乳頭の痛みがある授乳中の女性186人を、ラノリン使用群もしくは通常ケア群にランダム化し、4日後の乳頭の痛みの差があるかどうかを確認した。
背景
■ 乳頭の痛みと障害は、授乳中の女性によくみられ授乳の結果が否定的になることと関連している。
■ 医療従事者は、乳頭の疼痛/障害の治療にラノリンの使用をしばしば推奨するが、乳頭痛および授乳の結果に対するラノリンの有効性を評価したランダム化比較試験はない。
目的
■ 本研究の目的は、乳首が傷害された、授乳中の女性における乳頭の痛みに対するラノリンの効果を評価することだった。
方法
■ カナダのオンタリオ州、ハミルトンの三次医療病院で、ランダム化シングルブラインド対照比較試験が実施された。
■ 乳頭の痛み/障害があることが確認された授乳中の女性186人を、ラノリン使用群(介入群; 93人)または通常ケア群(対照群93人)にランダム化した。

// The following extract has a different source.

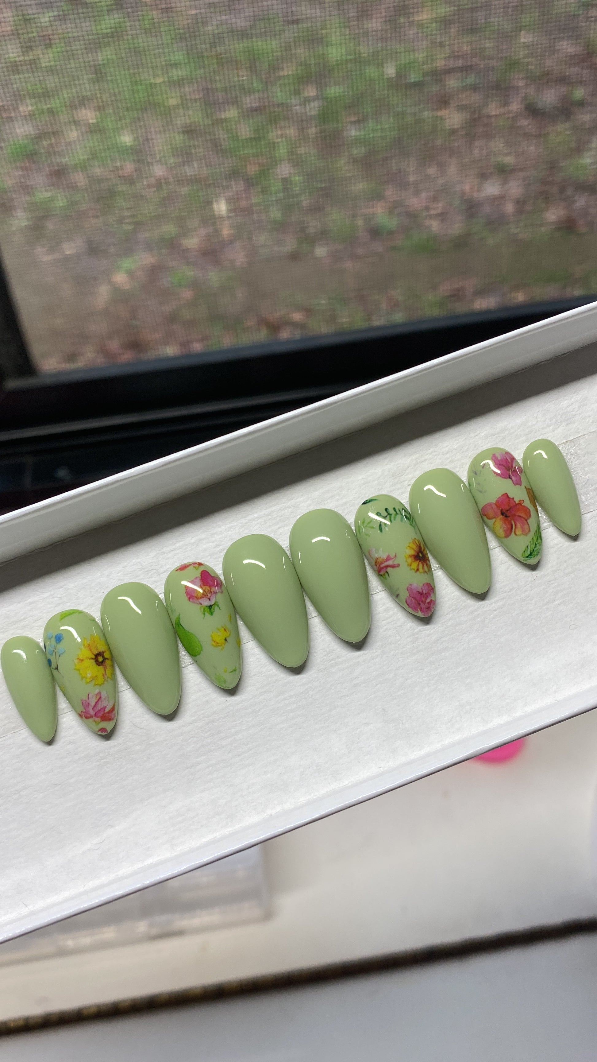 A set of 10 press on nails. Each order of a  press on nail set comes with instructions on how to apply the press on nails as well as an option to purchase a nail glue care pack, a sticky tab care pack, or none. I do have an option to purchase and upgraded nail care pack as well. (THIS IS HIGHLY RECOMMENDED) Nails are reusable with the proper care. CUSTOMIZATION IS ALWAYS POSSIBLE.

■ プライマリアウトカムは、Numeric Rating Scaleで測定したランダム化した4日後の乳頭の痛みだった。
■ さらに、Short Form McGill Pain Questionnaireで測定した乳頭の痛み、授乳期間/完全母乳、授乳時の自己効力感、通常のケアと比較したラノリン治療に対する母の満足度などの結果が得られた。
結果
■ その結果、ランダム化された4日後の平均の疼痛スコアに有意な群間差は認められなかった。
■ 両群において、ランダム化した7日後までに臨床的に妥当な乳頭の痛みの低下があった。
■ 通常のケア群と比較し、ラノリン群の女性の方が治療に有意に満足していると報告した。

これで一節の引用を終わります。